Saved entries:

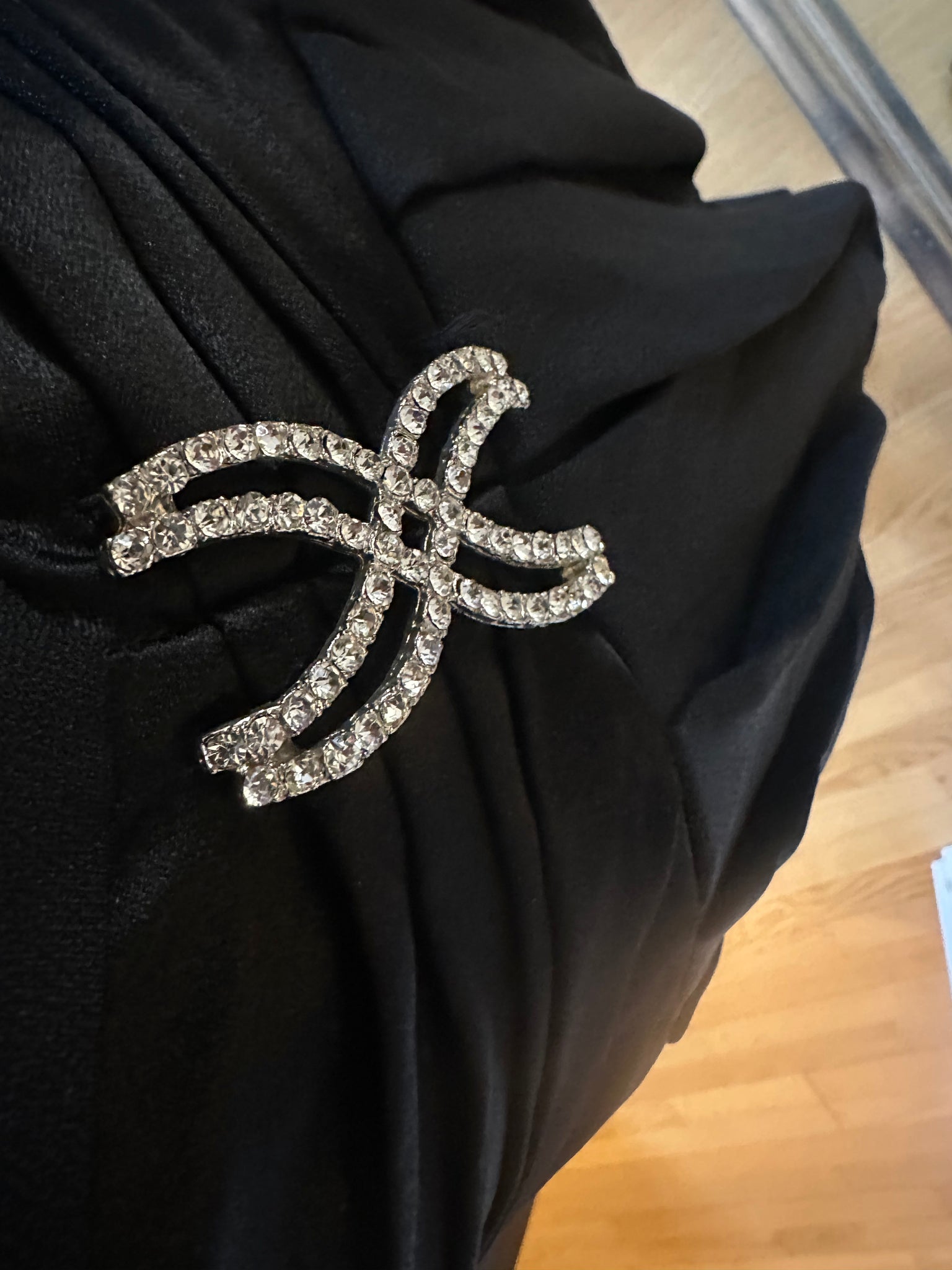 Beautiful black dress with satin and rhinestone details. Zipper in back of dress.
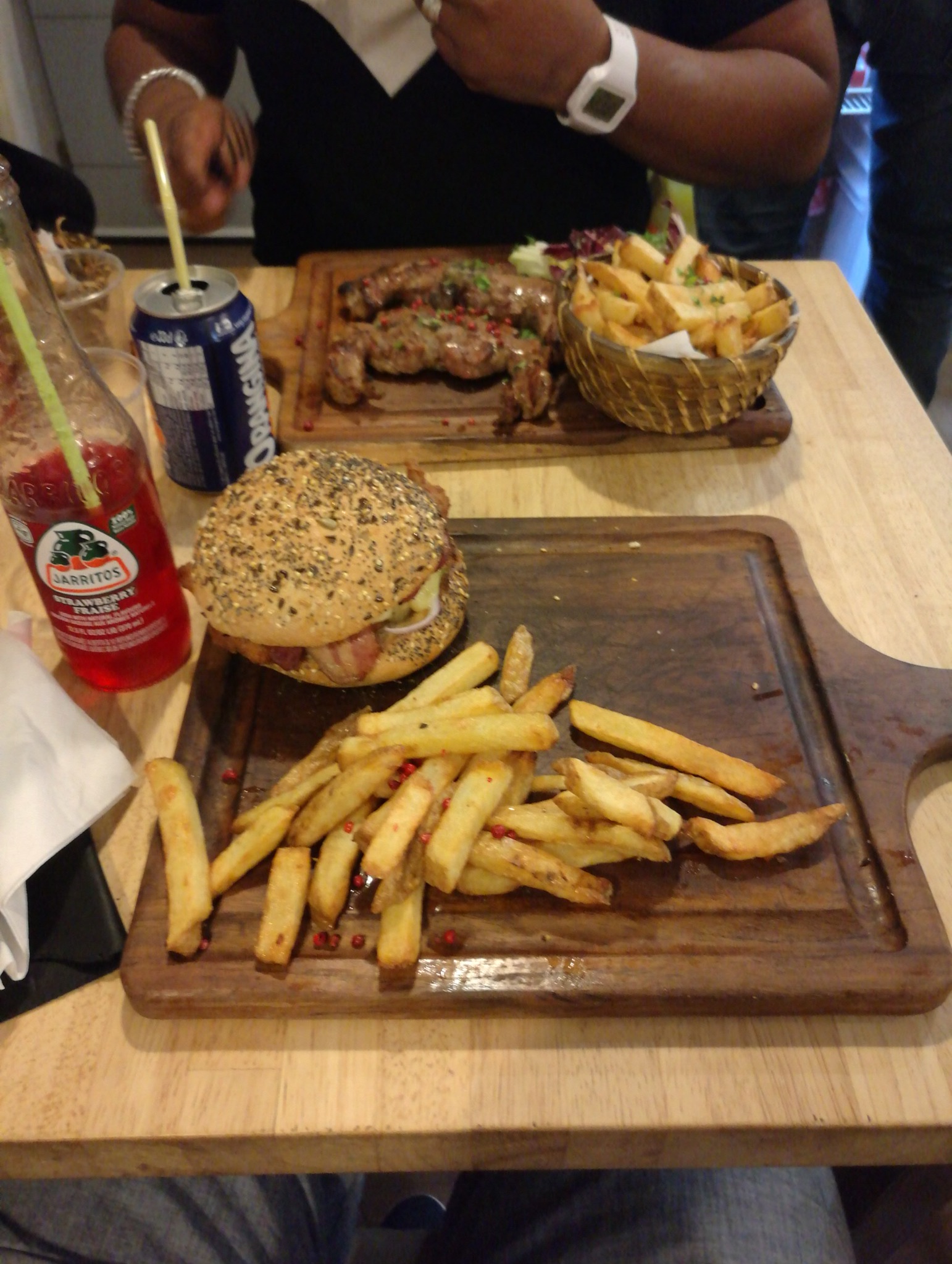 Un fast good différent... Des vrais frites maison des vrai de vrai... Et des hamburgers délicieux dont le zoo a avec un mélange de bœuf agneau avec des oignons rouges et une bonne sauce. Nous nous sommes régalés
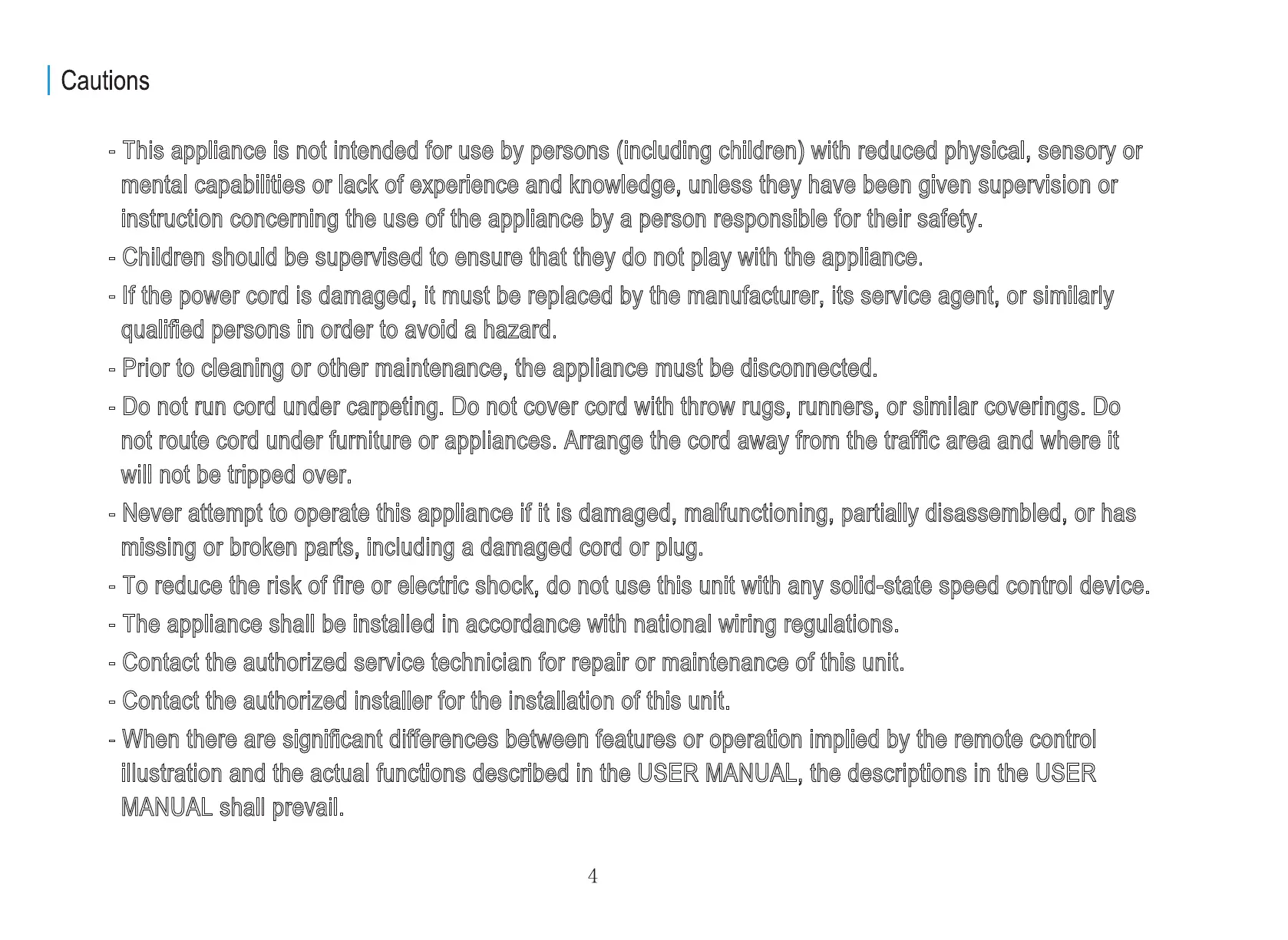 - This appliance is not intended for use by persons (including children) with reduced physical, sensory or
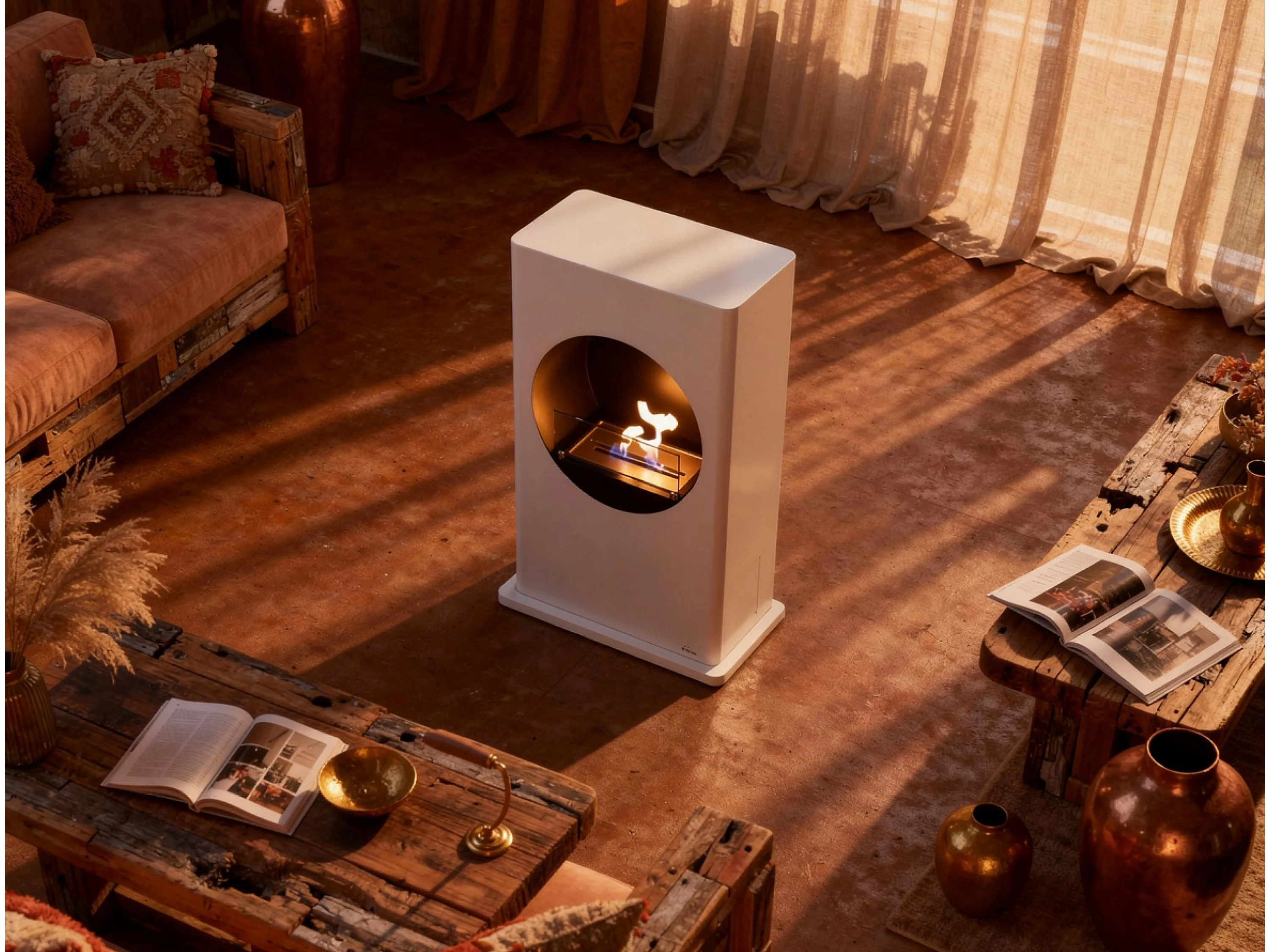 Cheminée à l'éthanol au sol en acier laqué blanc
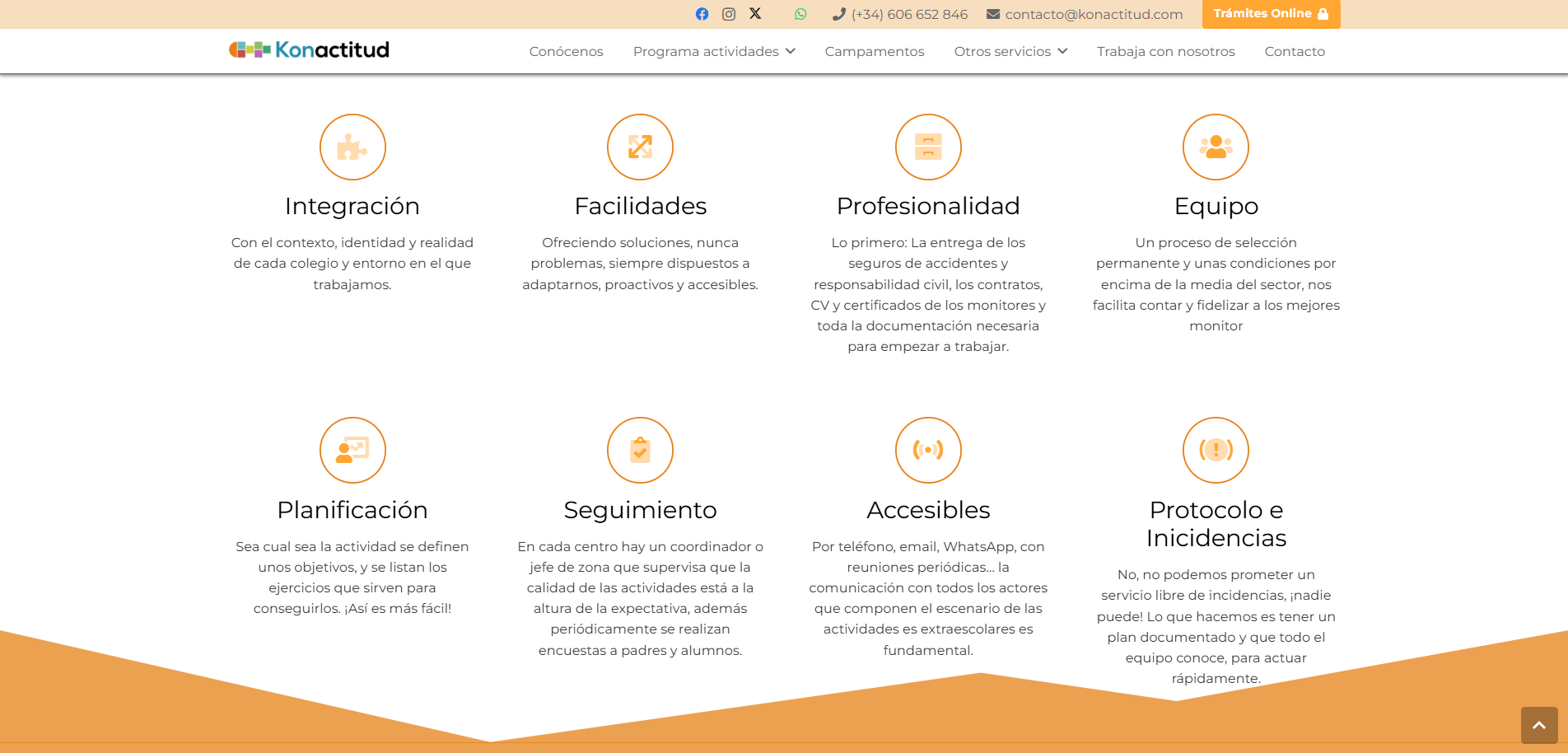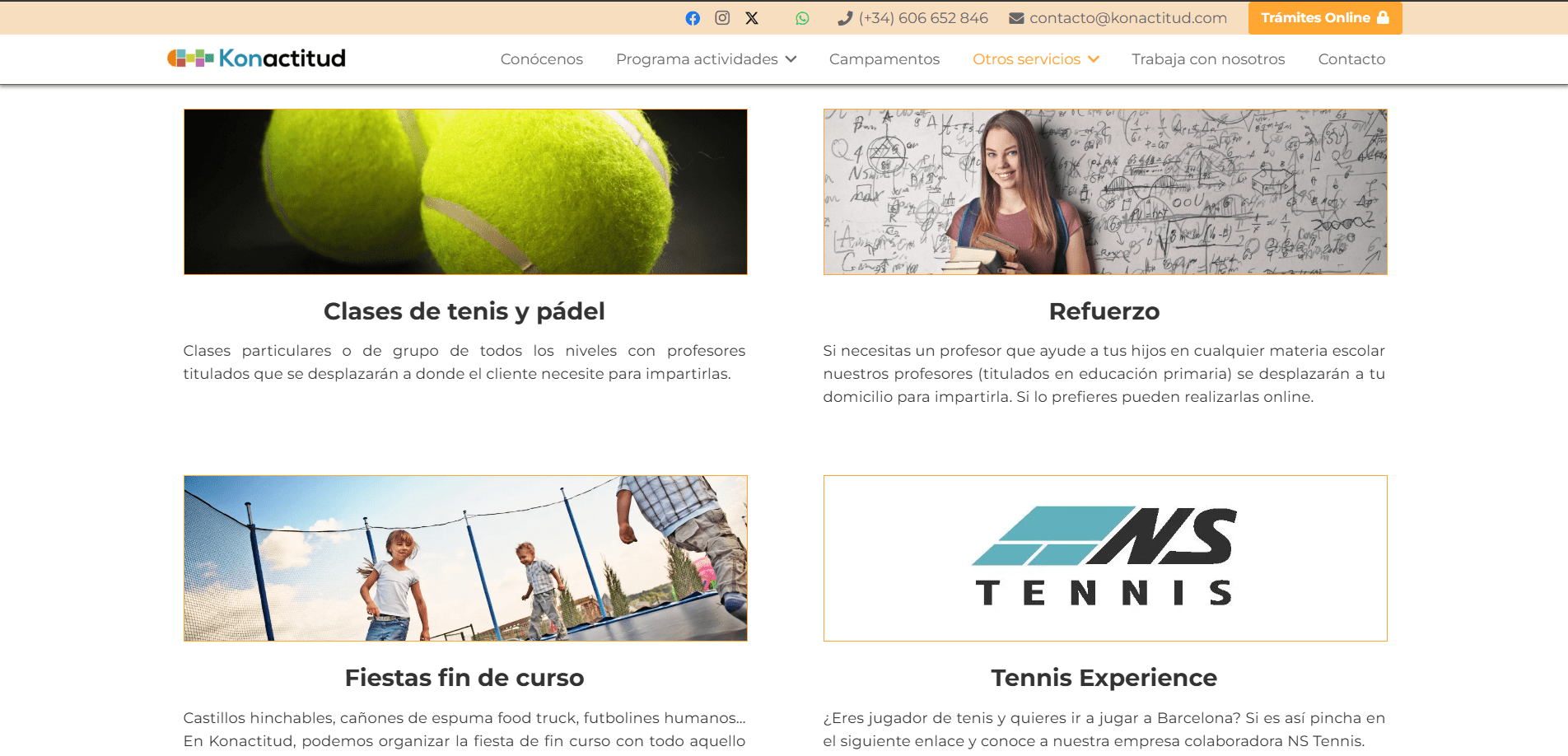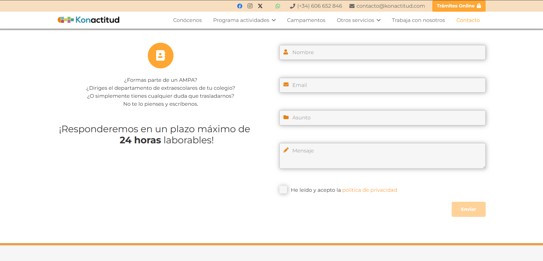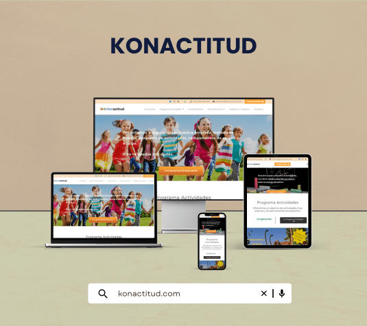 Konactitud contactó con Umbradev para renovar su presencia online y mejorar la experiencia de usuarios (familias, AMPAs, colegios). Se desarrolló un sitio web en WordPress con una arquitectura clara, navegación intuitiva, sección de inscripciones online, programa de actividades visibles y presentación de servicios extraescolares y campamentos.

### [What you are asked to do]
Your task is to copy the entries in full and exactly, without any images.

### [Task result]
 Beautiful black dress with satin and rhinestone details. Zipper in back of dress.
 Un fast good différent... Des vrais frites maison des vrai de vrai... Et des hamburgers délicieux dont le zoo a avec un mélange de bœuf agneau avec des oignons rouges et une bonne sauce. Nous nous sommes régalés
 - This appliance is not intended for use by persons (including children) with reduced physical, sensory or
 Cheminée à l'éthanol au sol en acier laqué blanc
 Konactitud contactó con Umbradev para renovar su presencia online y mejorar la experiencia de usuarios (familias, AMPAs, colegios). Se desarrolló un sitio web en WordPress con una arquitectura clara, navegación intuitiva, sección de inscripciones online, programa de actividades visibles y presentación de servicios extraescolares y campamentos.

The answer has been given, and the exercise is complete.